Second, we assessed how wastewater surveillance could enable reductions in the number of participants within survey rounds and thus contribute to greater cost efficiencies in prevalence surveys. Across each of the varying reduced survey round totals, relative to the spatially-smoothed prevalence levels (see Materials and Methods), we observed a consistent trend of wastewater-model-based estimates improving upon the corresponding reduced-survey-based prevalence estimates. Within each round, the average MAE expectedly declined as the survey round sample size totals increased for both the reduced-survey-only and combined survey-wastewater environments, although the wastewater model consistently improved upon the reduced survey for almost every round and survey sample size total. Indeed, irrespective of the choice of smoothing method (Kriging model or kernel smoothing) and whether we attempted to spatially smooth prevalence estimates from reduced survey totals (with and without wastewater), wastewater-based modelling improved the accuracy of prevalence estimates from reduced surveys.
Discussion
Our spatiotemporal analysis provides a detailed evidence synthesis of the utlity of WBE. We identify that WBE alone is insufficient for high-resolution monitoring of SARS-CoV-2 prevalence without concurrent prevalence surveys, whilst reliable wastewater-based prevalence monitoring at a coarse spatial resolution is contingent on recent calibrating community prevalence surveys. However, wastewater-based modelling can play an important complementary role in improving the cost efficiency of prevalence surveys by filling gaps in spatial coverage of prevalence surveys or by enhancing accuracy of reduced-size surveys. Therefore, appropriateness of WBE is dependent on the use case (WBE alone or complementary to prevalence surveys), spatial resolution (coarse or fine), and concurrent epidemic dynamics (such as vaccination and variants).

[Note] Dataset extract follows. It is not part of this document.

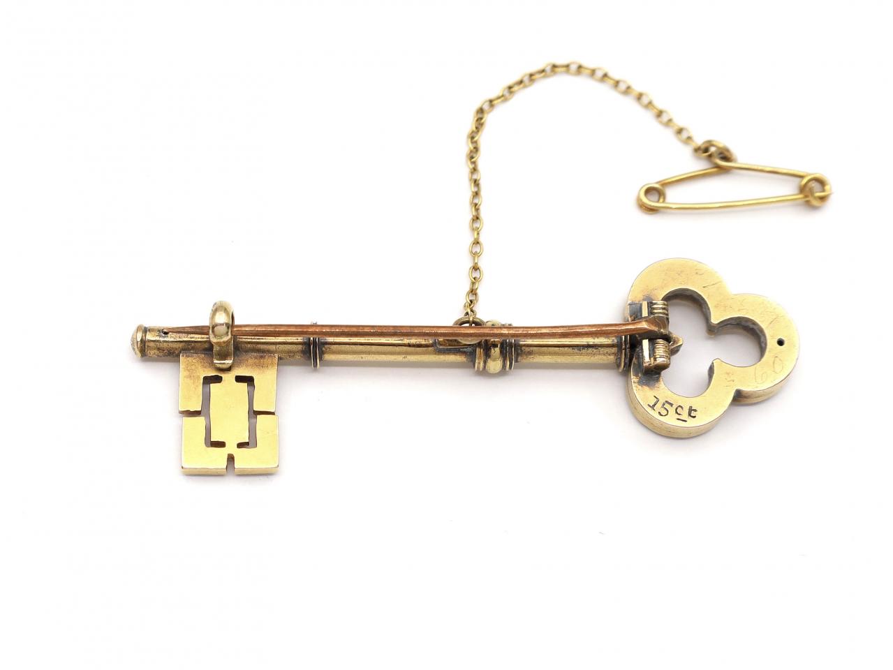 Victorian 15kt yellow gold trefoil key brooch set with pearls. Marked 15kt gold.

Looking at the ratio of SARS-CoV-2 prevalence in the population to (log-transformed) viral particle concentration in wastewater reinforced the idea that there are two key factors at work in the temporally-evolving prevalence-to-wastewater relationship; i) levels of vaccination coverage and ii) differences in faecal shedding according to predominant variants. Reduced population-level faecal shedding in the aftermath of widespread vaccination is consistent with findings from community-based wastewater surveillance of COVID-19 in educational facilities [19]. Furthermore, variant-specific faecal shedding rates (specifically lower shedding rates during the Omicron period) may have led to breakdowns in the relationship between wastewater concentrations and prevalence. However, the additional breakdowns in the relationship at the beginning of the Omicron wave cannot be disentangled from the greater background vaccination and immunity, compared to previous waves. Indeed, changes in the relationship had already been observed in the preceding months (from September 2021), possibly due to changes to the dominant SARS-CoV-2 variant (as the Delta variant became dominant in the English population) [14]. Nevertheless, similar indications of reduced faecal shedding during the Omicron wave were observed in a community-based analysis of wastewater in the United States [20]. While our findings are at the population (rather than individual) level, they are consistent with clinical data for the Omicron variant which indicate preferential infection of the upper airway, selective reduction in Omicron infectivity in the intestinal tract, as well as lower viral loads and shorter duration of respiratory shedding, compared to the Delta variant [16, 17, 18, 21].
Across both periods of our analysis, a trained wastewater-based model alone did not provide accurate, high-resolution prevalence estimates in settings without a concurrent prevalence survey. In the early period (24 July 2020 to 3 May 2021), deviating prevalence estimates may be due to noisy LTLA-level estimated wastewater concentrations due to the smaller number of sampled neighbouring LTLAs (in these rounds), and/or the changing prevalence-to-wastewater relationship (as vaccination commenced and SARS-CoV-2 variants evolved). In the late period (20 May 2021 to 31 March 2022), weak out-of-sample predictive performance appears to be a direct consequence of the temporally unstable relationship between wastewater and prevalence (apparently due to both vaccination and the emergence of the Omicron variant). Our analysis identified a lack of temporal consistency that is compatible with the findings of [11], where the wastewater-to-clinical cases ratio also changed substantially during the pandemic. Limitations of our analysis include the relatively sparse geographical coverage of wastewater collection sites in England (especially earlier in the pandemic), sensitivity of the wastewater surveillance to quantify RNA concentrations [22], and also imprecision of the REACT-1 prevalence survey data at the LTLA level, as well as possible inaccuracies in the weighted estimates employed to correct for variable response rates in different sectors of the population [23]. Further limitations (discussed in Supplementary Material 6 and Supplementary Material 7) include the temporal resolution of our data and discrete time periods of data collection, alongside the lack of adjustment for variability in estimated wastewater concentrations and the averaging of concentrations over a survey round and across treatment plants.
Unlike high-resolution settings, in coarser spatial resolutions, our wastewater-based model generally provided a reasonable estimate of out-of-sample national and regional trends for up to three months without a simultaneous prevalence survey, albeit dependent on concurrent epidemic dynamics and the prevalence-to-wastewater relationship. In particular, multi-step estimates of regional prevalence without any model recalibration were not representative of sustained prevalence surges during the Omicron wave. Indeed, a single additional round of model recalibration during the Omicron wave enabled more accurate prevalence estimates. Hence, we confirm the importance of prevalence surveys for estimation and model calibration, alongside a potential use case of WBE; this could possibly be undertaken between rounds of a prevalence survey to improve continuity of regional and national prevalence estimates, contingent on availability of vaccination and variant tracking to inform the updating of the prevalence-to-wastewater relationship.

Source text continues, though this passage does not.